_Information shown_
-- -- --
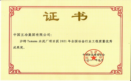 沙特Yamama水泥廠項目——2021年冶金優(yōu)質(zhì)工程
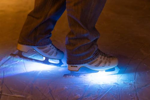 光るスケート靴「スターライトシューズ」もレンタル。足元に光が広がり、光の軌跡が氷に反射。滑走そのものが幻想的な光景になります!
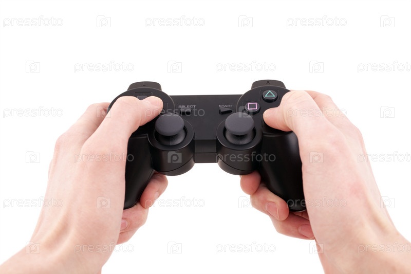 Джоистик в руках на белом фоне
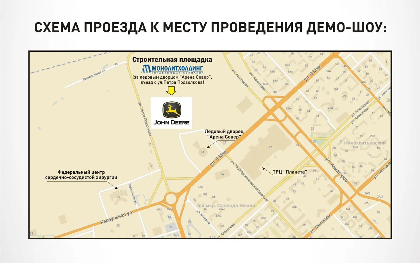 Компании John Deere и Тимбермаш Байкал при поддержке ООО «Монолитхолдинг» приглашают Вас посетить демо-шоу строительной техники John Deere.
-- -- --
_What you will do_
Go to the line containing "Джоистик в руках на белом фоне", then write out word for word every line from there to the end of the listing. Keep both end lines and drop the pictures.

_Result below_
 Джоистик в руках на белом фоне
 Компании John Deere и Тимбермаш Байкал при поддержке ООО «Монолитхолдинг» приглашают Вас посетить демо-шоу строительной техники John Deere.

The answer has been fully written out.